▶ WORK ORDER
Once you find the line with "Baby Nellys Bavlnená" in the data below, transcribe exactly each line from there to the line with "ごはん 牛乳 チンズワンズ あわせあえ くきわかめスープ バナナ", inclusive, and nothing else. Drop the pictures.

[Data excerpts]
::::::::::

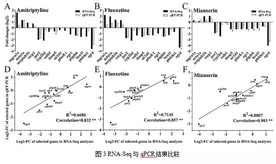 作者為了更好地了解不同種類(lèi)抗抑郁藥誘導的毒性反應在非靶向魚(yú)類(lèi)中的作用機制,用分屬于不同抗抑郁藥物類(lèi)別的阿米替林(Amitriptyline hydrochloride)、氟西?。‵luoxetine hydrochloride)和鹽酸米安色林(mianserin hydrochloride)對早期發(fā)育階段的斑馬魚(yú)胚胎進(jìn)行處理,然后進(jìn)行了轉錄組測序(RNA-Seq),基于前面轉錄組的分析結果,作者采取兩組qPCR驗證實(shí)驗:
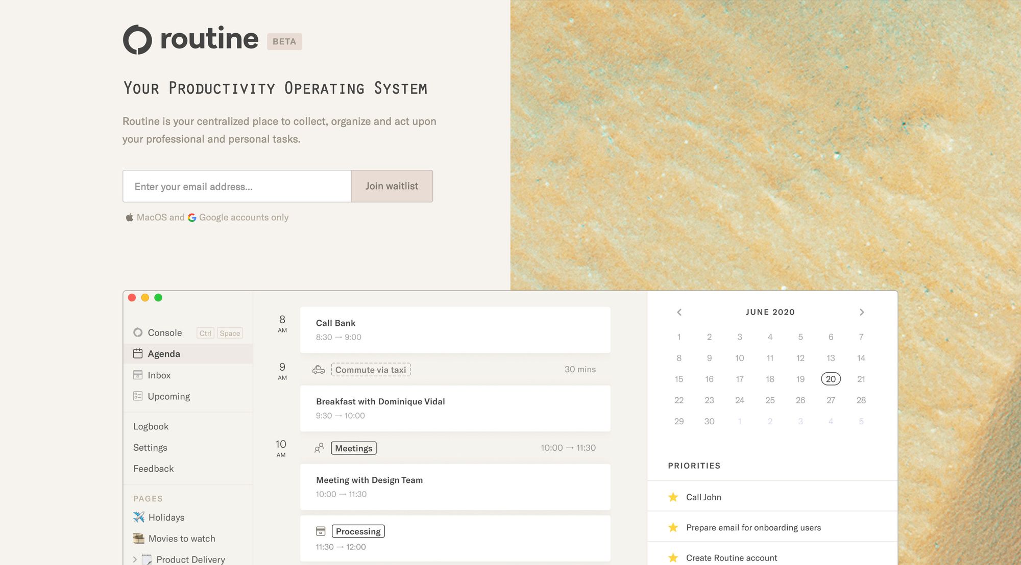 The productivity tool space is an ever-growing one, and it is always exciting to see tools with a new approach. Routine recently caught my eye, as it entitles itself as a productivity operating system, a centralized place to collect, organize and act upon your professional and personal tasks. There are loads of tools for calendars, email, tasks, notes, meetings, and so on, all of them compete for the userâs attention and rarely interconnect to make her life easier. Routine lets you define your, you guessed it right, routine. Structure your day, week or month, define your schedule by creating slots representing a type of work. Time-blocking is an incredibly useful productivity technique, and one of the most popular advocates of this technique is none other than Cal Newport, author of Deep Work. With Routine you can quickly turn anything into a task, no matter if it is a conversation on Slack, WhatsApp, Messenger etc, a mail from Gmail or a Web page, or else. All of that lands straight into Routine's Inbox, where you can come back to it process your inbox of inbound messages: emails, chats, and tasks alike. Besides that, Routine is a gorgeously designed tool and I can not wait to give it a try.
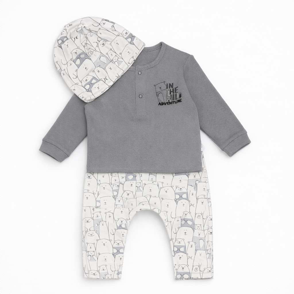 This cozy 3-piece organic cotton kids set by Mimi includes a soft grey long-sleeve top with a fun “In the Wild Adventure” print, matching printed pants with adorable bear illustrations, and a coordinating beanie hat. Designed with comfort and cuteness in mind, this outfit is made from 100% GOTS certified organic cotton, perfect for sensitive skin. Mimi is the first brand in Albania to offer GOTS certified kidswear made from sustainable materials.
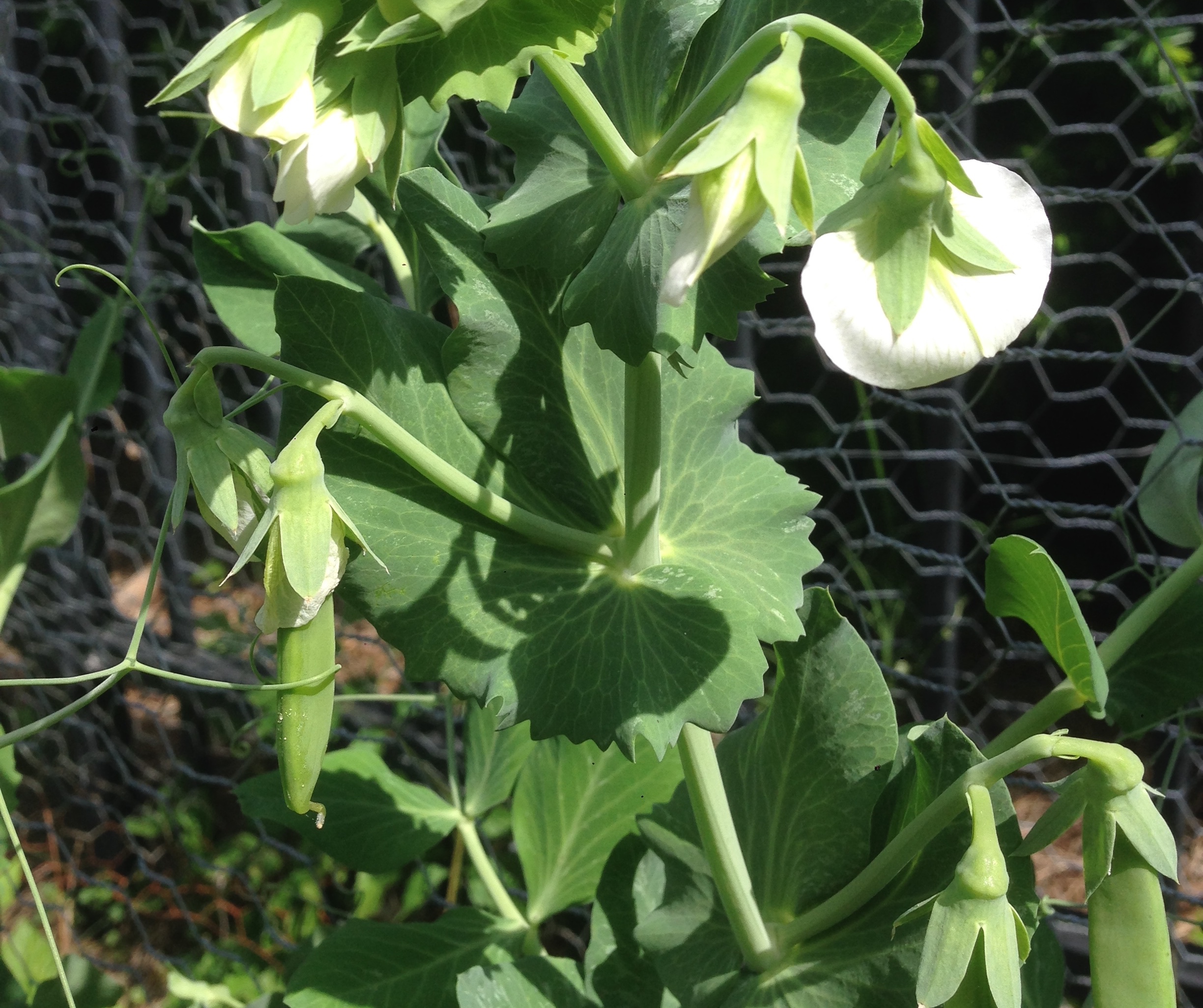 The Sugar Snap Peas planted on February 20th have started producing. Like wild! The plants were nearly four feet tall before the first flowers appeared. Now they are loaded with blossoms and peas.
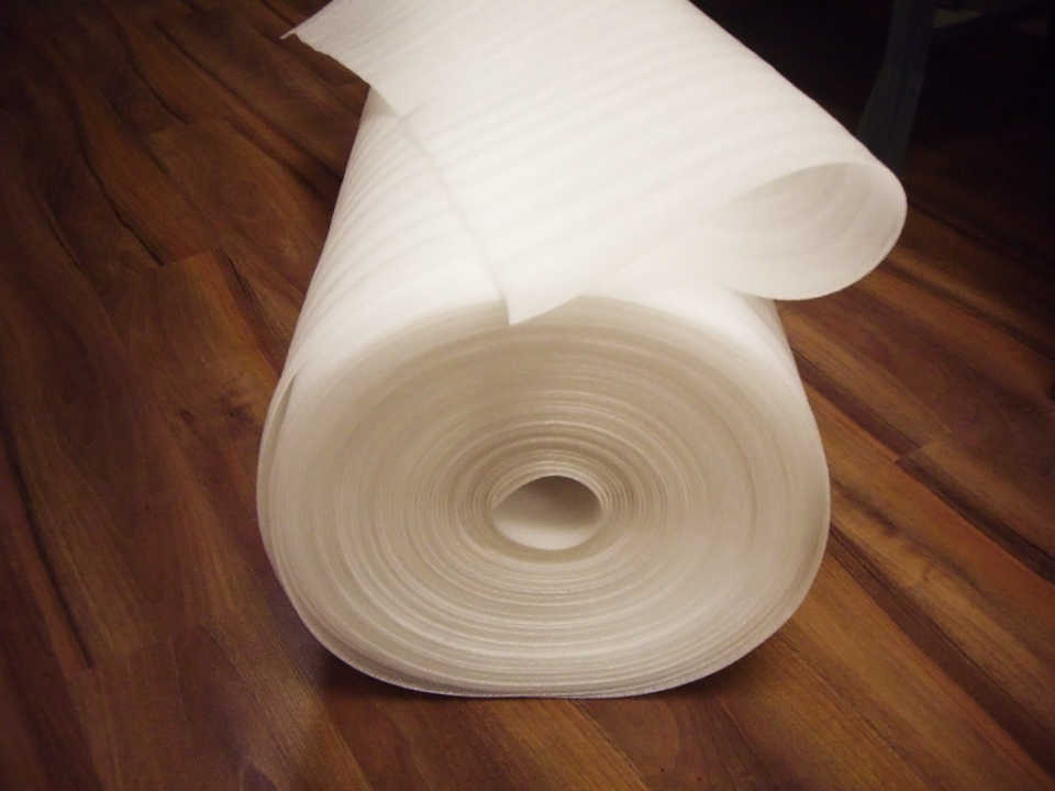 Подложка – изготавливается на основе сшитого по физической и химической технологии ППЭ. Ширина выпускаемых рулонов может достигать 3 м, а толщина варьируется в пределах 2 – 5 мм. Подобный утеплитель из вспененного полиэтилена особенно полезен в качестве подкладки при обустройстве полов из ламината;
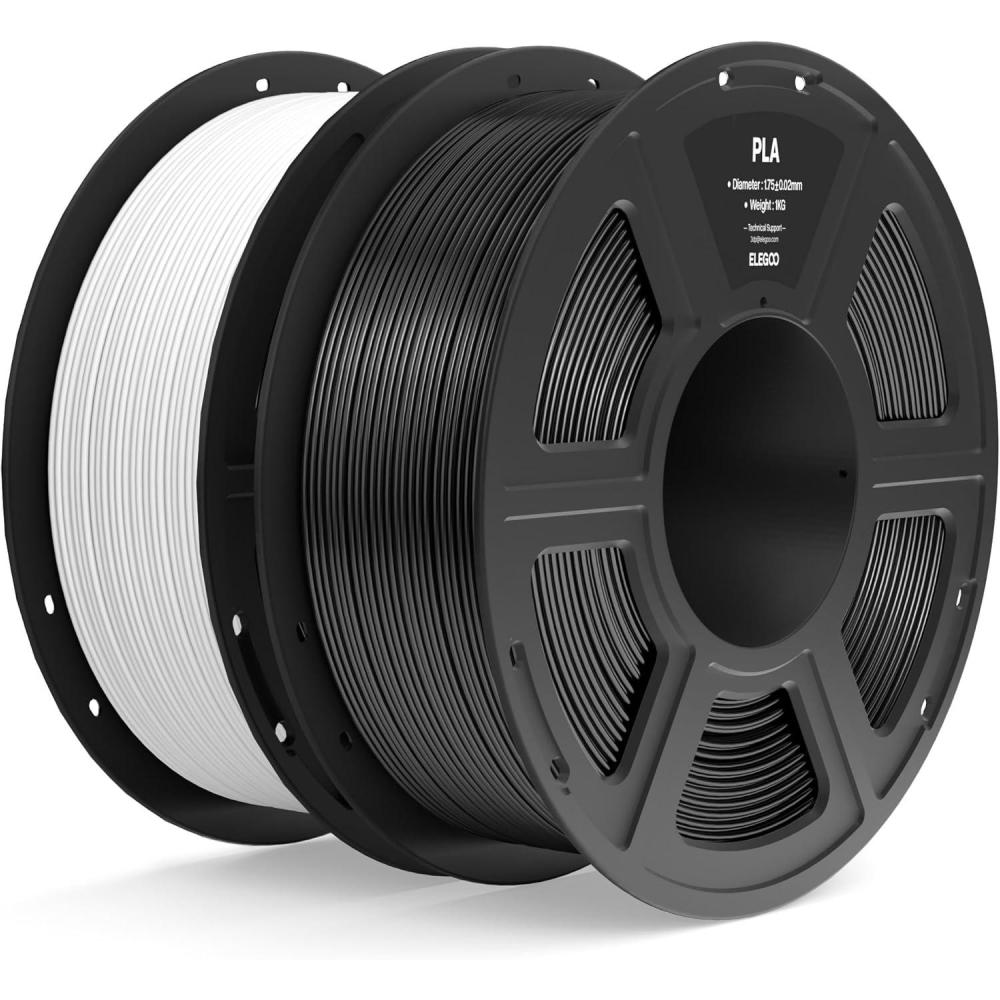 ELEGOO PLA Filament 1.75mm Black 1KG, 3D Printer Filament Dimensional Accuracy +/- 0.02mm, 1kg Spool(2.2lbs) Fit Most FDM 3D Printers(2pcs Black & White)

::::::::::

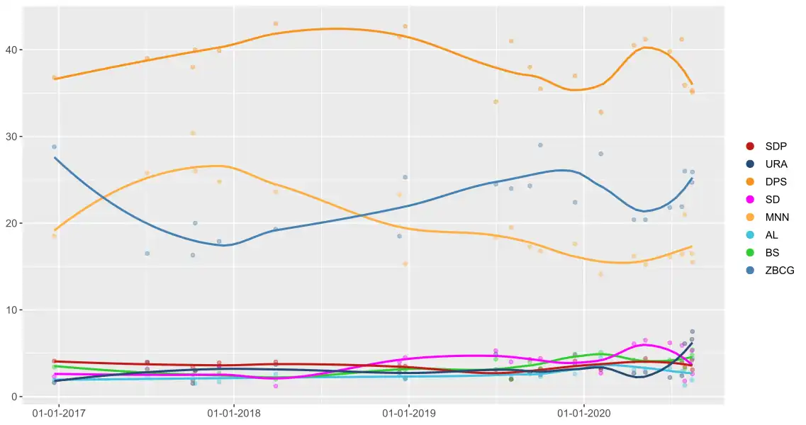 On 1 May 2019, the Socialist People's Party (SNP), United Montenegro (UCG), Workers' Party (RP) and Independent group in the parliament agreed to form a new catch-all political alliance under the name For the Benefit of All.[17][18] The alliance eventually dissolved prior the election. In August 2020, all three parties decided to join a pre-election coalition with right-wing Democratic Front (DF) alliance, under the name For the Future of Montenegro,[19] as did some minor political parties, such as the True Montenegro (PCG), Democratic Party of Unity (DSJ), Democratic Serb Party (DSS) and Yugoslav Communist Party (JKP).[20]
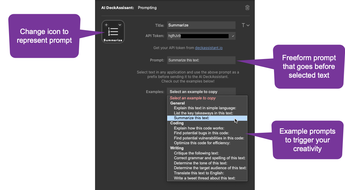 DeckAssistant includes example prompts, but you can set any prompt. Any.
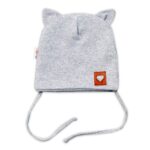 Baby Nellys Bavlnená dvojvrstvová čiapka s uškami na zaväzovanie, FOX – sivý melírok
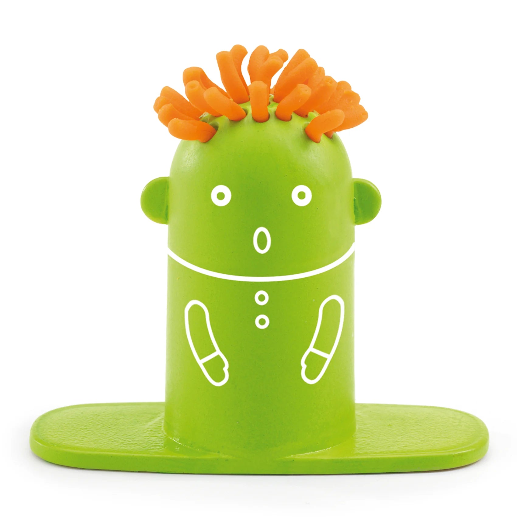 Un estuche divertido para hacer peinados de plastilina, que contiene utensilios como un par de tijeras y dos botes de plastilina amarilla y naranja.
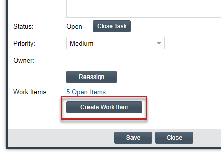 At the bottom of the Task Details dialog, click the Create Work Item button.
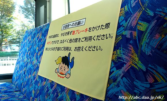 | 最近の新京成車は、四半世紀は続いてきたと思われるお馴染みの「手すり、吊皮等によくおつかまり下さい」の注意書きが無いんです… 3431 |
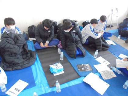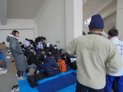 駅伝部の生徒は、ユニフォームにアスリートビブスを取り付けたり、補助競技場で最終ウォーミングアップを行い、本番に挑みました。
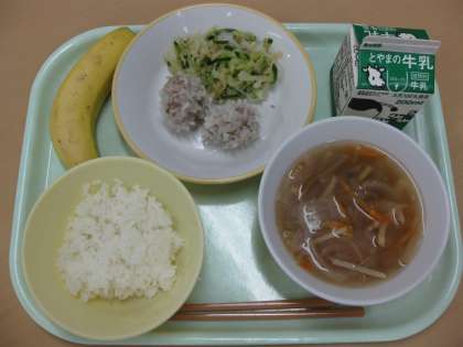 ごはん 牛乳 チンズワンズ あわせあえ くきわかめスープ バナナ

::::::::::

▶ EXERCISE RESULT
 Baby Nellys Bavlnená dvojvrstvová čiapka s uškami na zaväzovanie, FOX – sivý melírok
 Un estuche divertido para hacer peinados de plastilina, que contiene utensilios como un par de tijeras y dos botes de plastilina amarilla y naranja.
 At the bottom of the Task Details dialog, click the Create Work Item button.
 | 最近の新京成車は、四半世紀は続いてきたと思われるお馴染みの「手すり、吊皮等によくおつかまり下さい」の注意書きが無いんです… 3431 |
 駅伝部の生徒は、ユニフォームにアスリートビブスを取り付けたり、補助競技場で最終ウォーミングアップを行い、本番に挑みました。
 ごはん 牛乳 チンズワンズ あわせあえ くきわかめスープ バナナ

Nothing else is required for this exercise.